Alongside clips of training sessions in which pert white folks insist they’ll do whatever they can to help, the film includes an application written by Rita Schwerner Bender, which she reads, explaining that she wanted to be “an active participant, no longer a passive observer.” She was hoping that she and her husband Mickey Schwerner might help to create a better world for the children they might have.

As Schwerner Bender reads, you’re acutely aware that she and Mickey would have no children, as he was one of three volunteers — with James Chaney and Andy Goodman — who were murdered that summer in Philadelphia, Mississippi. While her look back is resonant in multiple ways, its reaffirmation and expansion of Moses’ vital observation, that white folks had trouble speaking and seeing, speaks to the film’s thematic and political coherence, its celebration of the courage and sacrifice of 1964, and its equally vigorous insistence on the work still to be done.
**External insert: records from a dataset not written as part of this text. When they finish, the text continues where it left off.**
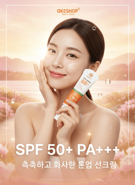 SUN CREAM OKESHOP sẽ giúp nuôi dưỡng cho làn da bạn luôn ẩm mượt, gia tăng độ đàn hồi, chống oxi hóa, tăng cường sức khỏe cho da khỏe mạnh, bảo vệ da khỏi những tác động tiêu cực từ môi trường. Đồng thời, kem chống nắng còn bổ sung lượng nước, cấp ẩm dồi dào giúp làn da mềm mại, mượt mà hơn với chiết xuất dưỡng da từ thiên nhiên của hoa trà xanh, nha đam, hắc mai biển mang lại cho các nàng một cảm giác thoải mái dịu nhẹ thanh mát trong cả ngày dài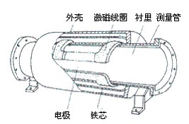 防腐型電磁流量計由傳感器和轉(zhuǎn)換器組成。而傳感器主要組成部分是:測量管、電極、勵磁線圈、鐵芯與磁軛殼體。傳感器安裝在測量管道上,轉(zhuǎn)換器可以與傳感器組合連接在一起稱為一體型電磁流量計,轉(zhuǎn)換器被安裝在離傳感器30米內(nèi)或100米內(nèi)的場合,兩者間由屏蔽電纜連接稱為分體式電磁流計。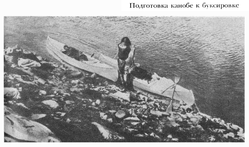 Теперь бы следовало попробовать идти бечевой. Однако обычный способ, когда один человек сидит в лодке и правит, а другие тянут бечеву, для нас непригоден. Это слишком медленно и сложно. Придется проходить каждый участок трижды, возвращаясь за оставленным. Мы решили применить другой способ, позволяющий буксировать каждому свою канобе самостоятельно. Для этого концы бечевы длиной 20 — 25 метров прикрепили к ручкам на носу и корме лодки, а середину буксировщик перекидывал через плечо. Идя по берегу и ведя свою посудину по воде, можно было ею управлять, обходя береговые препятствия вроде подводных камней, уступов. Для этого стоило только потянуть к себе кормовой конец бечевы, как нос, отжимаемый быстрым течением, отворачивал к середине реки, и канобе отходила от берега так, как это было нужно, и как позволяла длина бечевы. При подтягивании носового конца бечевы отжималась корма, и лодка сама подходила к берегу. Однако такой способ пригоден только на реках с быстрым течением, таких, как Хантайка, и только для таких легких суденышек, как наши. Более крупные лодки при такой буксировке просто не хватит сил удержать.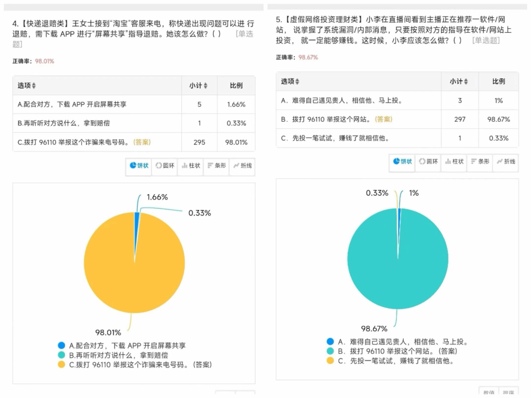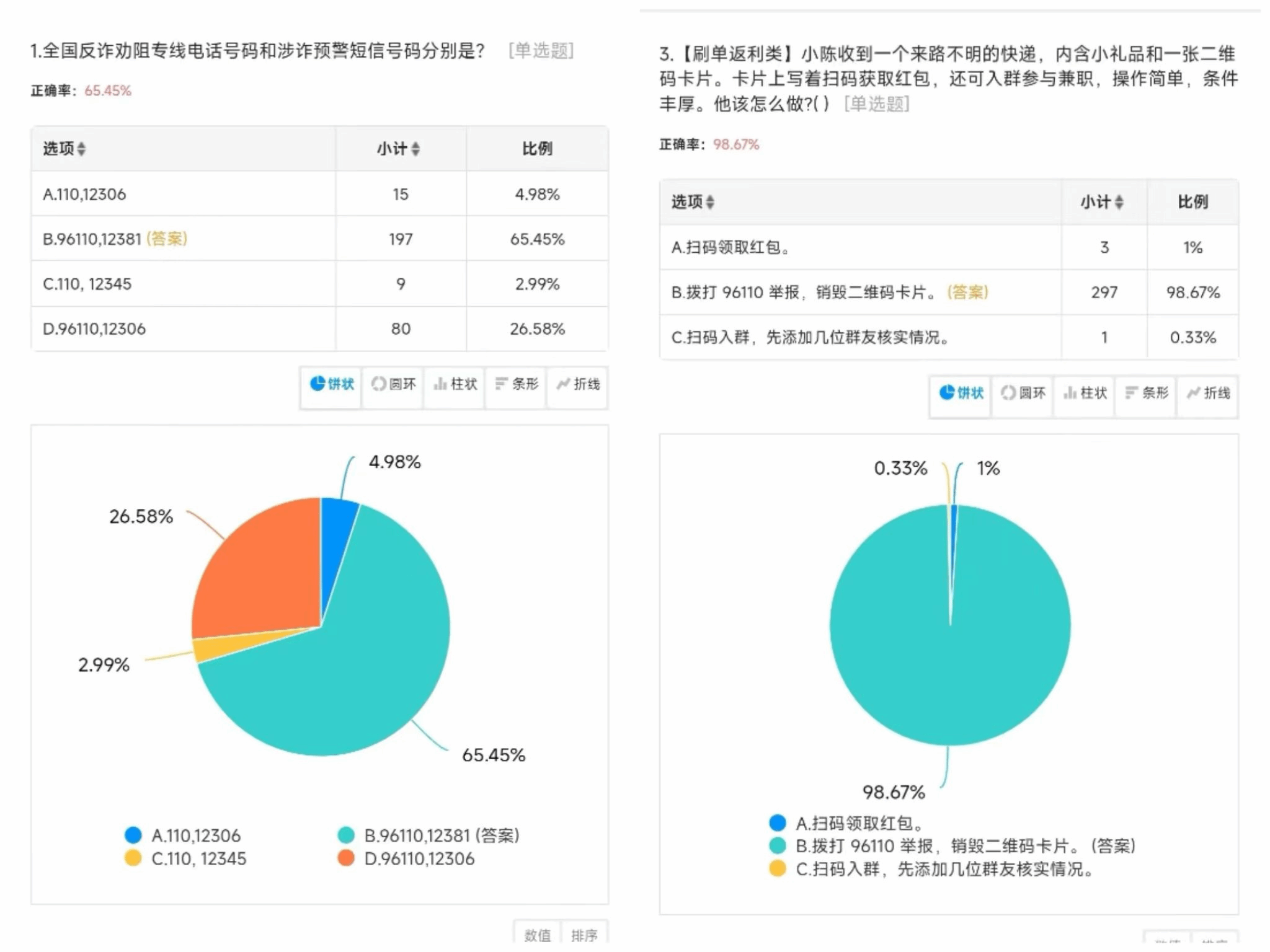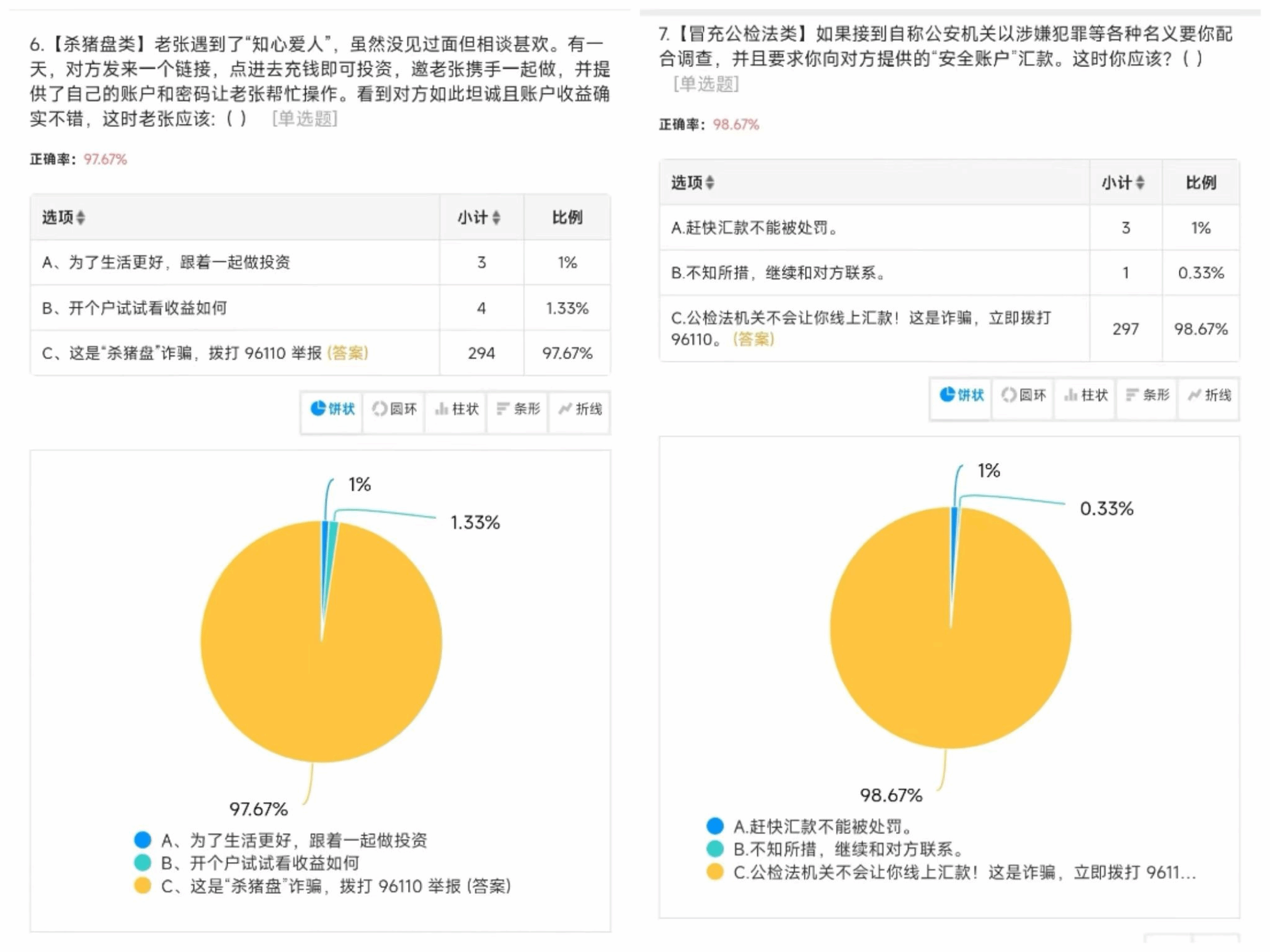 此次反诈咖啡体验日活动共计收到有效问卷301份,通过对问卷分析发现,绝大多数在校大学生对于诈骗信息都有较强的识别能力,对于分辨网络诈骗、“杀猪盘”、网络兼职、网购退款等诈骗信息都有较高的防诈意识。

The film goes on to underscore both differences and connections between then and now — now being a time when the Voting Rights Act of 1965, an immediately consequence of Freedom Summer, is in the process of being dismantled. If it’s easy to see the monstrosity of wholly self-assured white men in archival footage (“I could call ’em a white colored rat,” says one fellow, of white girls staying with black families, “They stay and sleep in the same damn house as the niggers at… then not tell me there’s not sexual relations there.”

Freedom Summer also makes visible the world sustaining such fearful bigotry, the political machinery that exploited it (including the Citizens Council, the subject of Dawn Porter’s Spies of Mississippi) and also its wide-ranging, enduring effects. White people in the South, says Jane Nave Barnes, a onetime Miss Mississippi, “were expected to live a certain way, you just didn’t step out of the bubble.”

Sometimes, stepping outside might mean rejection by neighbors, loss of jobs, and other abuses. Anthony Harris remembers his grandfather teaching him to bow his head and look away, to show fear in order to reduce risk. “They taught young kids like myself how to play the role of that second class citizen.” Stepping outside might mean beatings and death.

At other times, it might mean realizing what it meant to be inside that bubble, to be able to see and speak with a sense of freedom, purpose, and value. In this, Dave Dennis’ eulogy for James Chaney is exemplary, as he urges listeners not to grieve but instead to stand up. “Don’t bow down anymore, hold your heads up,” he asserts. “I’m tired of funerals, we got to stand up.”

Like so many of the breathtaking moments preserved in Freedom Summer, this one reaches across time and reminds you how crucial it is to break out.